2)  Liberals or “progressives” who advocate for public mandates and usually a public intervention into the healthcare market have deserted the controversial and poorly polling advocacy of “healthcare reform,” for “health insurance reform,” finding a more gainful demon in insurance companies. Typically they will contend- if you don’t want a government bureaucrat between you and your doctor, you have an insurance company bureaucrat there, now. 

Unfortunately, perhaps mostly the eccentrically disposed among us make a diversion of distinguishing the signal and relevant differences between the two. Curtly and bluntly, the government is your master and your insurance company is your supplier. If you don’t like what the government does, that’s pretty much tough. Make an issue of it, and you might earn a trip to jail…  Even a 50+% majority of Americans will find it near impossible to repeal an entitlement, one established. On the other hand, you or your employer can change insurance companies if there is sufficient dissatisfaction.

Today on “This Week..,” for instance for instance, Howard Dean pursued this line of discussion. After identifying the offensive insurance company bureaucrats, Dr. Dean said he’s never seen Medicare deny a claim, but insurance companies do all the time.  Medicare is actuarially insolvent and as a private organization would have been out of business a long time ago. Answering to no market, it can run on debt like the government that feeds it. And Medicare does not negotiate price with medical suppliers (except for Part D), it DICTATES price to them.

Medical suppliers often take a loss that is made up in premiums to private customers. And whether you believe it or not, you WANT your insurance company to deny some coverage. If you believe your claim is meritorious, there is a process of appeal. If you don’t appeal, evidently it wasn’t all that important. In any case, monitoring its costs is how the insurance company minimizes premiums. Not incidentally, it’s also why a company avoids bankruptcy, which is not carried by the equally bankrupt government like Medicare is. Obama and other advocates also pitch the public option as “competition” for private insurers. There is plenty of competition in the market, especially if government opens up interstate markets. They won’t be doing that though, because making the private market more competitive diminishes the argument for a public option. Ditto with tax breaks, personal portability, and tort reform (frivolous law suit restrictions – trial lawyers are also a major Democratic Party cash cow).
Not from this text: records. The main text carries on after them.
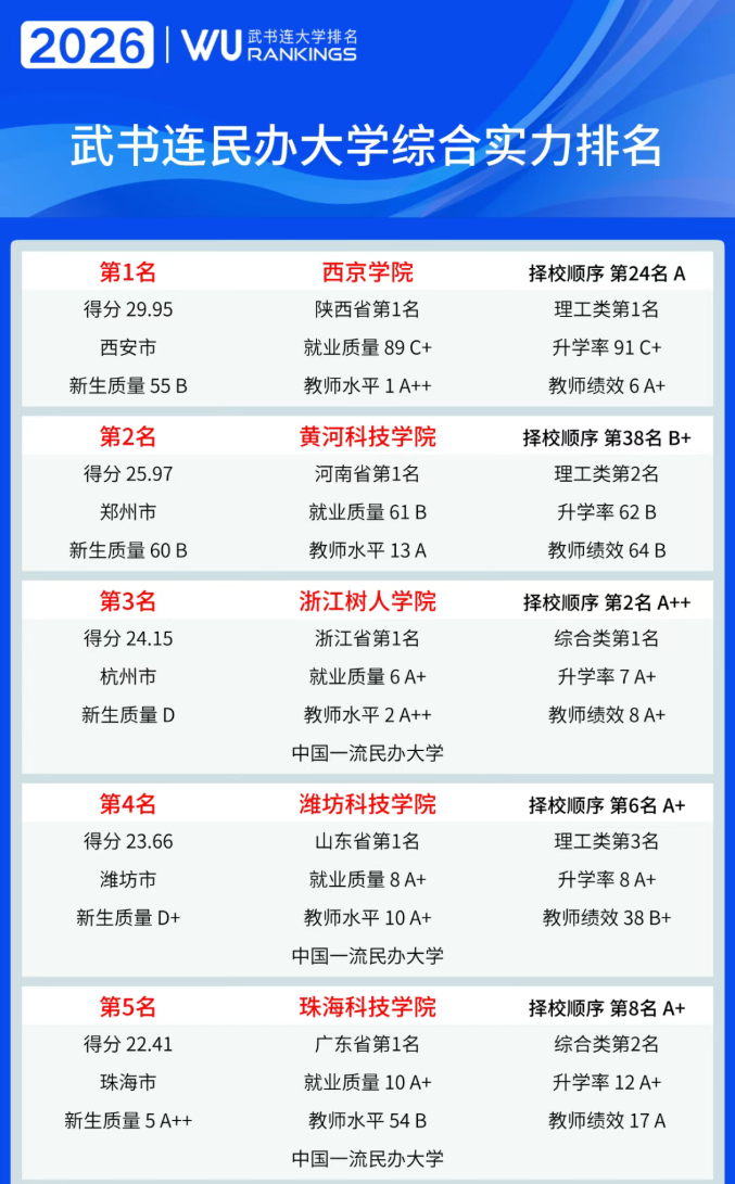 2026年3月,武书连大学排名团队完成“武书连2026中国民办大学独立学院(以下简称民办独院)排名”。西京学院列民办大学综合实力第一名,厦门大学嘉庚学院列独立学院综合实力第一名,浙大城市学院列独立学院转公办大学综合实力第一名。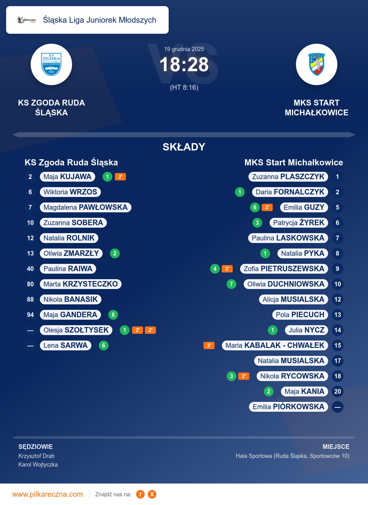 KS Zgoda Ruda Śląska 18–28 MKS Start Michałkowice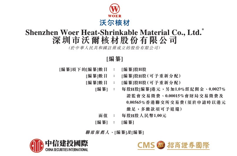 香港交易及結算所有限公司、香港聯合交易所有限公司與證券及期貨事務監察委員會對本 申請版本的內容概不負責,對其準確性或完整性亦不發表任何意見,並明確表示概不就因 本申請版本全部或任何部分內容而產生或因倚賴該等內容而引致的任何損失承擔任何責任。 Shenzhen Woer Heat-Shrinkable Material Co., Ltd.* 深圳市沃爾核材股份有限公司 (「本公司」) 重要提示: 閣下如對本文件的任何內容有任何疑問,應尋求獨立專業意見。 (於中華人民共和國註冊成立的股份有限公司) 的申請版本 警告 本申請版本乃根據香港聯合交易所有限公司(「聯交所」)與證券及期貨事務監察委員 會(「證監會」)的要求而刊發,僅用作向香港公眾人士提供資料。 本申請版本為草擬本,其內所載資料並不完整,亦可能會作出重大變動。 閣下閱 覽本文件,即代表 閣下知悉、接納並向本公司、其聯席保薦人、整體協調人、顧問或包 銷團成員表示同意: 本公司招股章程根據香港法例第32章公司(清盤及雜項條文)條例送呈香港公司註冊 處處長登記前,本公司不會向香港公眾人士提出要約或邀請。倘在適當時候向香港公眾人 士提出要約或邀請,有意投資者務請僅 ...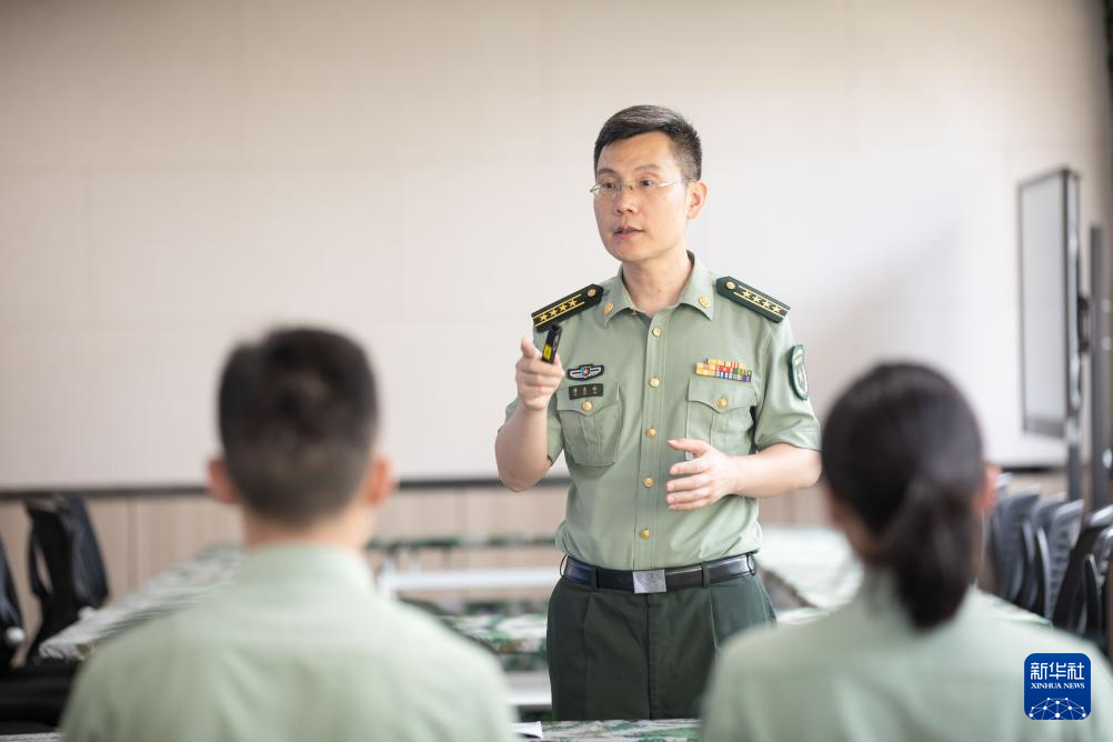 国防大学政治学院西安校区教授傅达林在教室为学员授课(7月24日摄)。新华社发(聂瑞明 摄)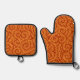 Golden Yellow Leafy Vine Pattern Oven Mitt & Pot Holder Set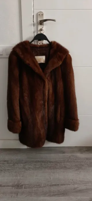 Abrigo de pelo marrón con capucha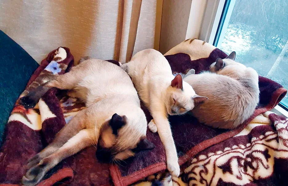 Наша сегодняшняя тройная кошачья идиллия, а именно первый раз, когда коты спали втроем, закончилась неожиданно и внезапно 🙀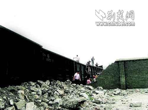 昨日(5月31日)清晨6時(shí)許,荊門石化軍馬場貨場里,工人在連接列車車廂時(shí)剎車失控,9節(jié)滿載煤炭的車廂脫軌撞垮貨場圍墻,橫在圍墻外的軍馬場路上。所幸該處比較偏僻,事發(fā)時(shí)路上人車稀少,未造成人員傷亡。
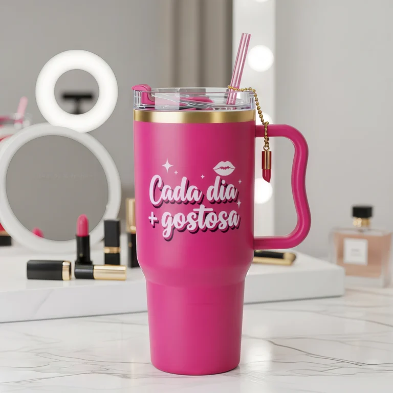 💄 Copo Térmico Cada Dia + Gostosa Pink 1,15 L + Pingente Brinde

And how is a subsidized “entitlement” competition for a market-based and taxed offering?

Surely, Obama and most Democrats consider it a relatively small matter that a public plan will fund abortions with taxpayer dollars.  It’s true as some have said, that the bills don’t mention that.  Seriously:  they won’t be covered because the bill doesn’t mention them?!  But in short, public plan advocates are trying to buy power by selling you a pig in a poke. As I often say to antagonists:  “At least I have to pity you for taking up the challenge of defending falsehood.”  Now, get out there to Congressional town halls this month, and raise those questions those advocates don’t want to hear.  Hear are a few more Jefferson quotes for the road:

I predict future happiness for Americans if they can prevent the government from wasting the labors of the people under the pretense of taking care of them.
When wrongs are pressed because it is believed they will be borne, resistance becomes morality.
Most bad government has grown out of too much government.
The two enemies of the people are criminals and government, so let us tie the second down with the chains of the Constitution so the second will not become the legalized version of the first.
Sometimes it is said that man cannot be trusted with the government of himself. Can he, then, be trusted with the government of others?
An elective despotism was not the government we fought for.
The natural progress of things is for liberty to yield and government to gain ground.
He who knows nothing is closer to the truth than he whose mind is filled with falsehoods and errors.